Буксиры потащили корабль в глубь бухты, начался прием боезапаса, одновременно линкор вкачивал в себя топливо, котельную воду. Осторожно опробовали машины. Как человек, отвыкший на больничной койке от хождения, линкор нуждался в легкой и продуманной разминке. Каждый день выходил он в море, дважды командир прогнал его по мерной линии, скорость линкора увеличилась на два узла.
Олег Манцев прощался с линкором, сдавал дела новому командиру батареи. Векшин укатил в отпуск. Однажды ночью Манцев проснулся, ему показалось, что рядом — Борис Гущин, ему послышалось даже постукивание мундштука о колпачок зенитного снаряда, знак того, что Гущин разрешает спрашивать себя.
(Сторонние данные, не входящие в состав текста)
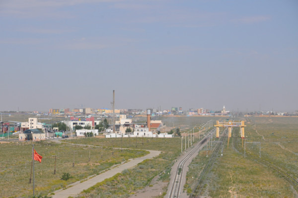 对面就是蒙古的扎门乌德口岸,黄色是蒙古的国门(以前是中国的,后来置换给蒙古了),天朝又盖了一个更气派的大国门

Но Бориса не было, и не могло быть, и не расстояние разделяло их (до «Фрунзе» — пять минут на катере), а то, что понимали оба: не вернутся уже дни и ночи каюты No 61.
Валерьянов оставил ему много книг по математике и биологии, прислал «Морской сборник» со статьей, где в авторах был и он, Манцев, приложил к «Сборнику» оттиски еще нескольких статей, их НИИ хотел размножить и разослать бюллетенями. Что делать с оттисками, Манцев не знал, но вовремя на корабле оказался капитан-лейтенант Николашин из артотдела, он и помог.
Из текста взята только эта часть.